### WHAT NEEDS TO BE DONE
Write out the entries below exactly, but only from the line containing "那天是我卸完70袋面之后,太" through the line containing "დაამატეთ სიმინდი და", and without the pictures.

### EXERCISE INPUTS

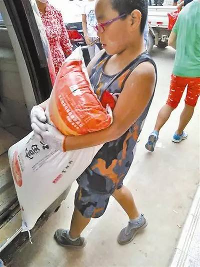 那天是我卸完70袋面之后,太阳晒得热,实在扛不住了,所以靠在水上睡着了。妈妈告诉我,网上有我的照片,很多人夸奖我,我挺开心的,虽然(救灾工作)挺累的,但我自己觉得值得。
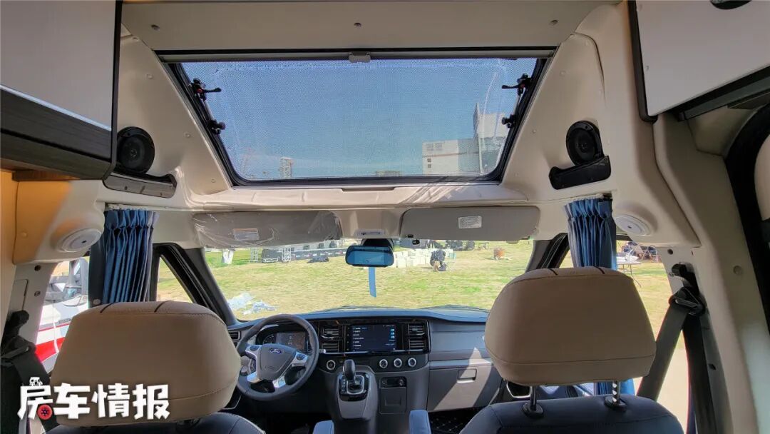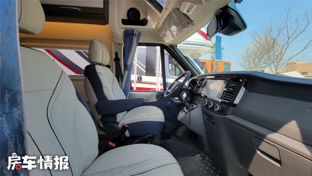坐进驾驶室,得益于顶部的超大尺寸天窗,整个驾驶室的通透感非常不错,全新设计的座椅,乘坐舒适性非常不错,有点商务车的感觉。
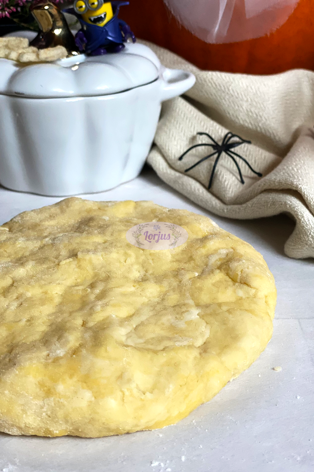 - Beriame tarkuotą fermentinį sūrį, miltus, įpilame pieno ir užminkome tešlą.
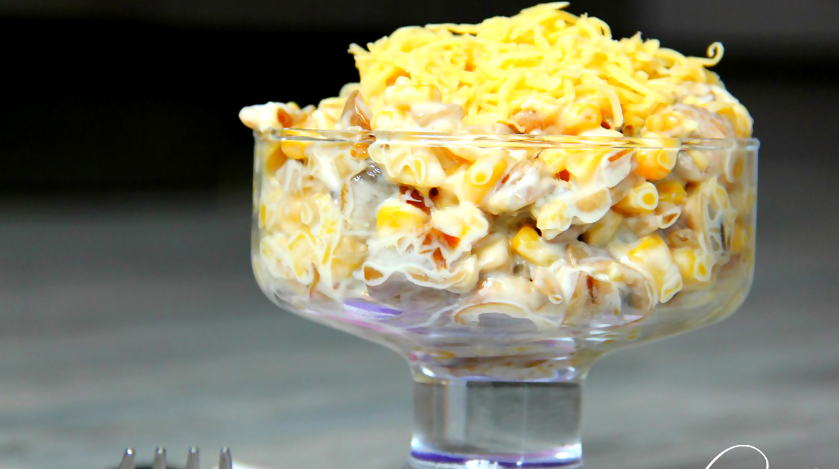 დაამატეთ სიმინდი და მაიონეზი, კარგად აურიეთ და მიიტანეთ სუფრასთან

* * *

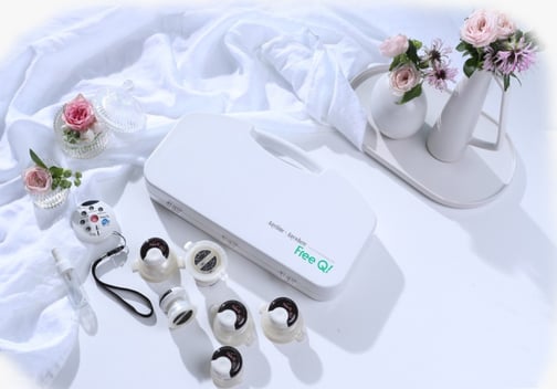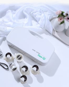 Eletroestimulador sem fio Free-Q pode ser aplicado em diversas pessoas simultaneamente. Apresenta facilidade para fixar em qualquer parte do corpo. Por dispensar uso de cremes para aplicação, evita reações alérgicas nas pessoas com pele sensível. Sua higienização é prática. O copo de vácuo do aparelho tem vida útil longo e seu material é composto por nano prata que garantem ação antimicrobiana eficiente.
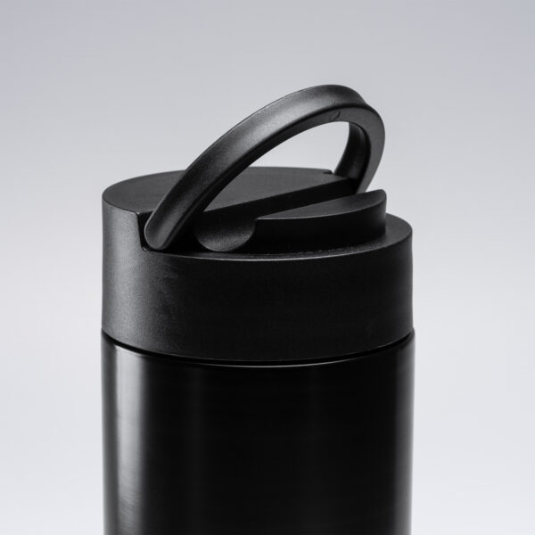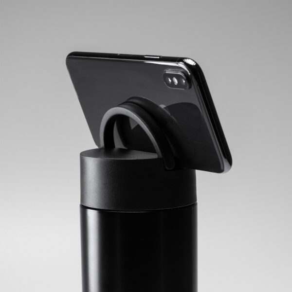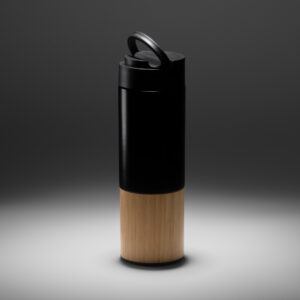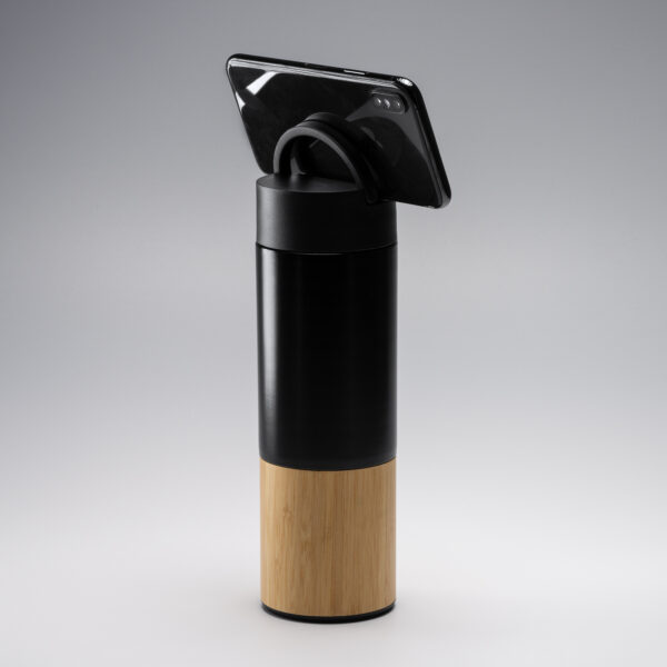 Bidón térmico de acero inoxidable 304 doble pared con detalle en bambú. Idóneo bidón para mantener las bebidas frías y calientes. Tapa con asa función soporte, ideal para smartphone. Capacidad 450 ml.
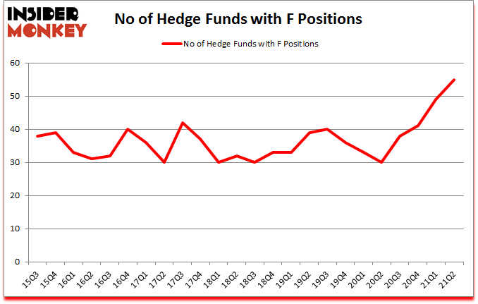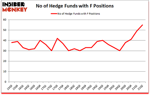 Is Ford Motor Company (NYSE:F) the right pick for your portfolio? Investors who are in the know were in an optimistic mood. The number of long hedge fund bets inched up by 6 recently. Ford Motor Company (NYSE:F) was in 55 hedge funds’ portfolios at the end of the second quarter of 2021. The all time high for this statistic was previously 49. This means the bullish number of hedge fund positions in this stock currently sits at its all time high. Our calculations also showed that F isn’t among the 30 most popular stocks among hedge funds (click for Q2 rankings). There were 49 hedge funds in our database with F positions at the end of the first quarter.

### SOLUTION TO THE PROBLEM
 那天是我卸完70袋面之后,太阳晒得热,实在扛不住了,所以靠在水上睡着了。妈妈告诉我,网上有我的照片,很多人夸奖我,我挺开心的,虽然(救灾工作)挺累的,但我自己觉得值得。
坐进驾驶室,得益于顶部的超大尺寸天窗,整个驾驶室的通透感非常不错,全新设计的座椅,乘坐舒适性非常不错,有点商务车的感觉。
 - Beriame tarkuotą fermentinį sūrį, miltus, įpilame pieno ir užminkome tešlą.
 დაამატეთ სიმინდი და მაიონეზი, კარგად აურიეთ და მიიტანეთ სუფრასთან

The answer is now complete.